Last Updated March 4, 2021 3:49 PM
Josiah Wilmoth
Last Updated March 4, 2021 3:49 PM

One of the top markets regulators in the United States said yesterday that he believes smart contract developers should in some instances be held liable when their blockchain applications are used in conjunction with illegal activities.

Brian Quintenz, a commissioner at the Commodity Futures Trading Commission (CFTC), made this statement on Monday at the GITEX Technology Week Conference. In his speech , Quintenz explored how best to fit cryptocurrency and, specifically, smart contracts into the CFTC’s supervisory framework, which was written long before the advent of blockchain technology. Who should be held responsible, he asked, when a smart contract violates CFTC regulations?

He quickly ruled out both the core developers of the underlying blockchain protocol, miners, and the blockchain’s general users, as none of these groups should be held responsible for monitoring the activity of other network users.

However, he argued that the developers of the individual smart contracts should be prosecuted in connection with illegal activity that occurs within their respective decentralized applications (dApps) — so long as the CFTC can demonstrate that the developers could “reasonably foresee, at the time they created the code, that it would likely be used by U.S. persons in a manner violative of CFTC regulations.”

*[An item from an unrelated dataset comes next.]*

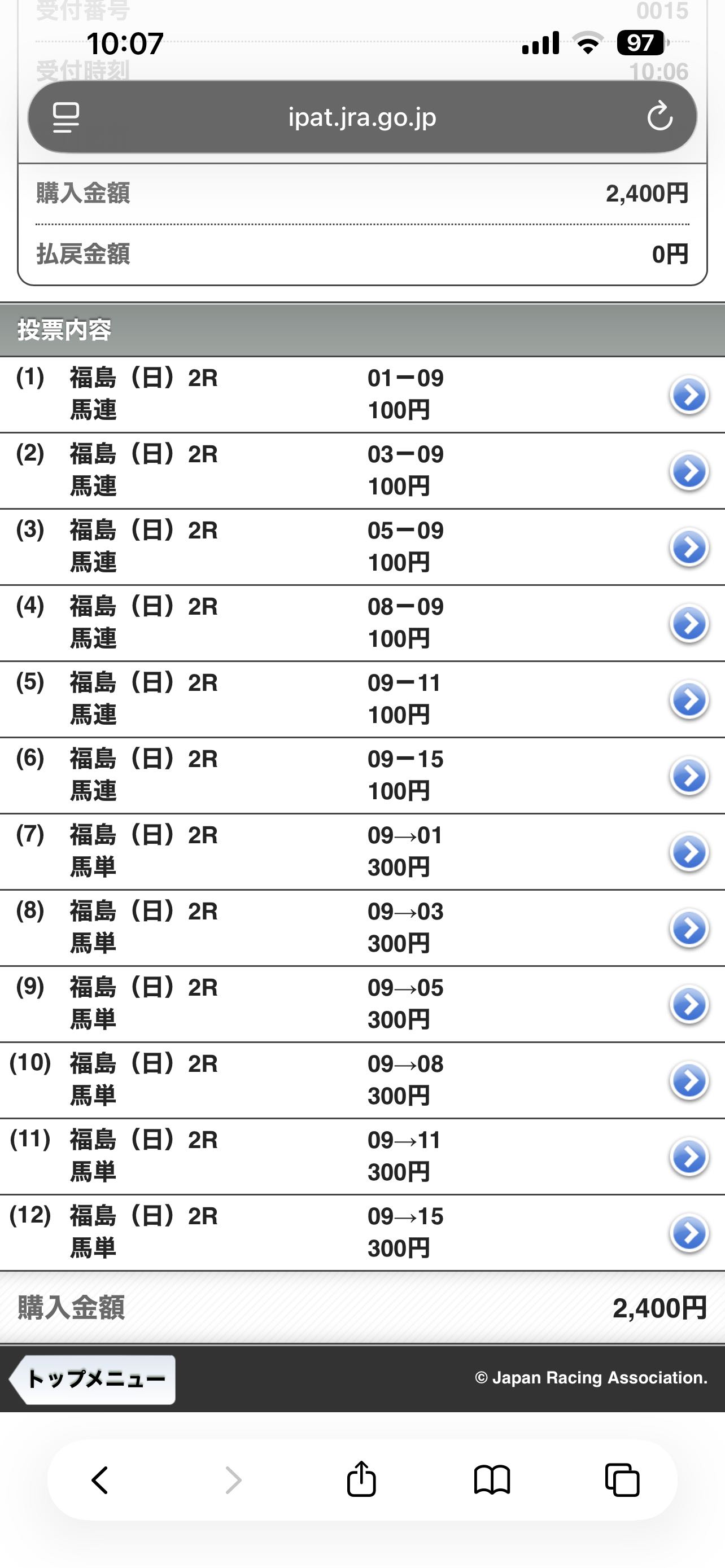 | … | 4126/04/12(日)10:04:26 ID:2OwXEgLENo.1419562772+メイショウナナユキフクショウ10万円成功です!!!!! |
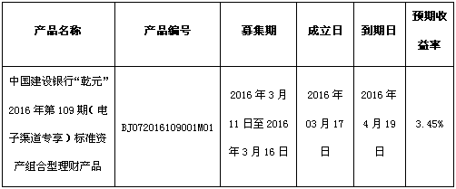 中国建设银行“乾元”2016年第109期(电子渠道专享)标准资产组合型理财产品成立公告

While stressing that his statements represent his personal views and not the formal stance of the CFTC, Quintenz used prediction markets as an example of a smart contract application that could lead to its developers being prosecuted by the agency, as these dApps could be used for activities that are “contrary to the public interest,” such as betting on whether a public figure will be assassinated. Consequently, he argued that the prediction market’s creators could be prosecuted by the CFTC for offering illegal event contracts.

He explained:

“That leaves us with the developers of the smart contract code that underlies these event contracts, as well as the individual users who then use that code to create and wager on their own event contracts. The developers of the code could claim that they merely created the protocol and therefore have no control over whether and how users choose to use it once it is part of the public domain. They would place the liability on the individual users, who are the actual creators and counterparties of the event contracts.

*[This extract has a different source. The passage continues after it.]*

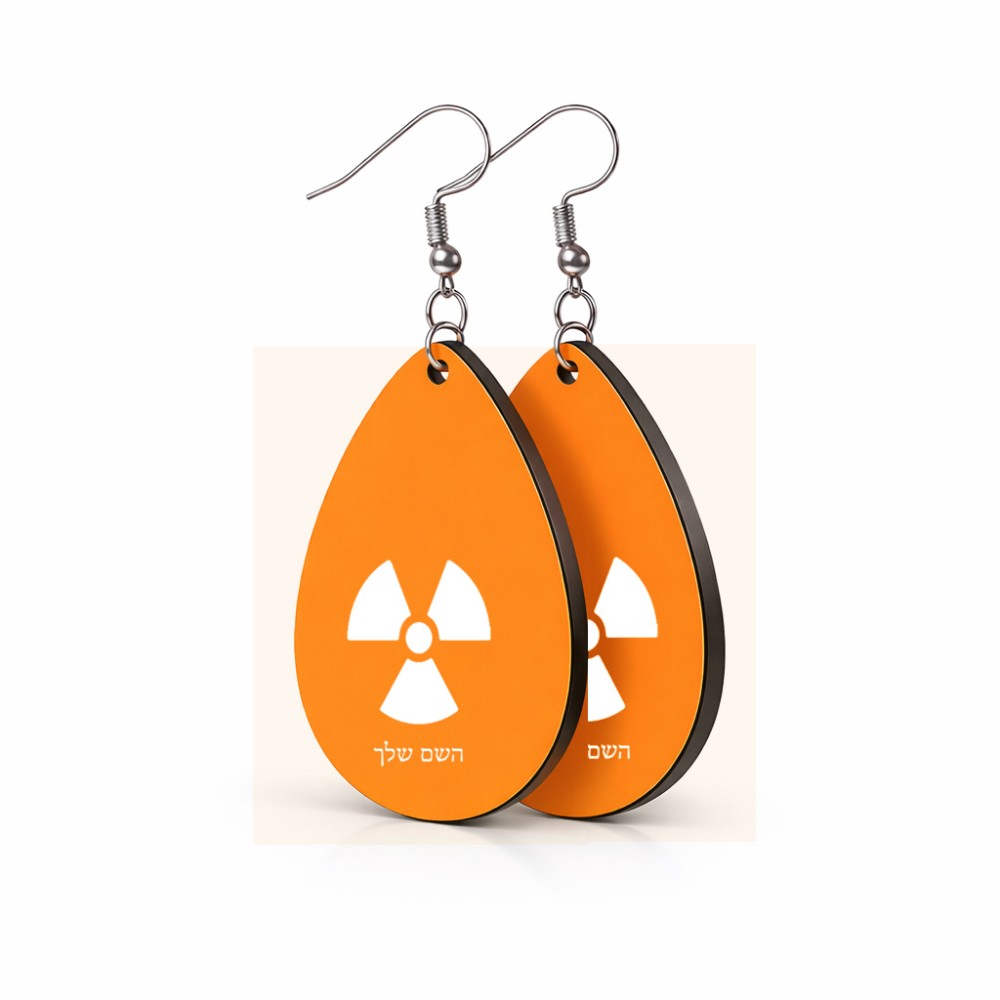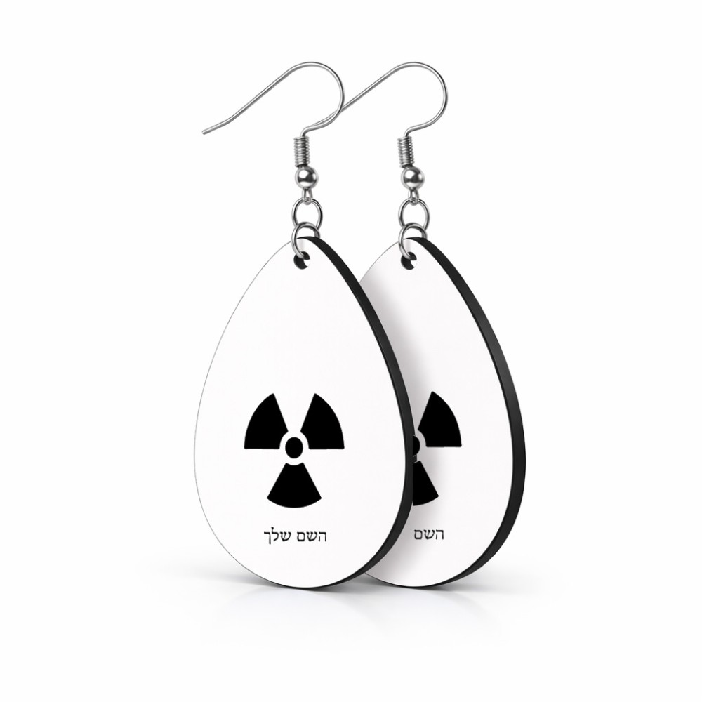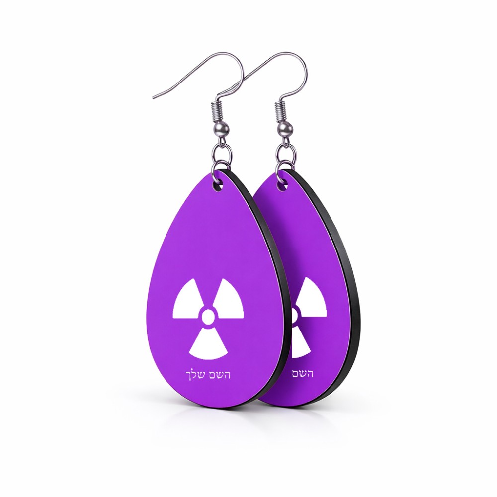 זוג עגילים בצורת טיפה בעיצוב אישי עם השם שלך בעיצוב פצצת אטום גרעינית גודל העגילים 2.5 × 3.8 ס"מ. את השם המבוקש ניתן לציין בהזמנה, אם לא צויין אנחנו ניצור קשר לבירור.

“Instead, I think the appropriate question is whether these code developers could reasonably foresee, at the time they created the code, that it would likely be used by U.S. persons in a manner violative of CFTC regulations. In this particular hypothetical, the code was specifically designed to enable the precise type of activity regulated by the CFTC, and no effort was made to preclude its availability to U.S. persons. Under these facts, I think a strong case could be made that the code developers aided and abetted violations of CFTC regulations. As such, the CFTC could prosecute those individuals for wrongdoing.”

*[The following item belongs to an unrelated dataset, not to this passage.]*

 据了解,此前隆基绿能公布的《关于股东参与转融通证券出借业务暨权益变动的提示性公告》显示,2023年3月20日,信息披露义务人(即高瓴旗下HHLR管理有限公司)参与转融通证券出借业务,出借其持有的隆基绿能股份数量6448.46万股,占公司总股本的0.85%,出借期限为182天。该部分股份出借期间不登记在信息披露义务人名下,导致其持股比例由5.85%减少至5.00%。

Quintenz, a Trump appointee who has said the past that bitcoin and blockchain are “transformative” innovations, compared writing a smart contract that you understand will likely be used for illegal purposes with allowing someone to borrow your vehicle, knowing that they will use it to rob a bank.

“Smart contract applications on blockchain networks hold great promise. They have the potential to open up new markets and create efficiencies in existing ones. At the same time, they also raise novel issues of accountability that users and policy makers alike must consider,” he said in conclusion. “Our rapidly evolving technological landscape poses challenges for all of us. As such, I think it is incumbent upon regulators to continually educate ourselves on new technological developments, so that we can accurately evaluate their benefits and risks and develop appropriate policy responses.”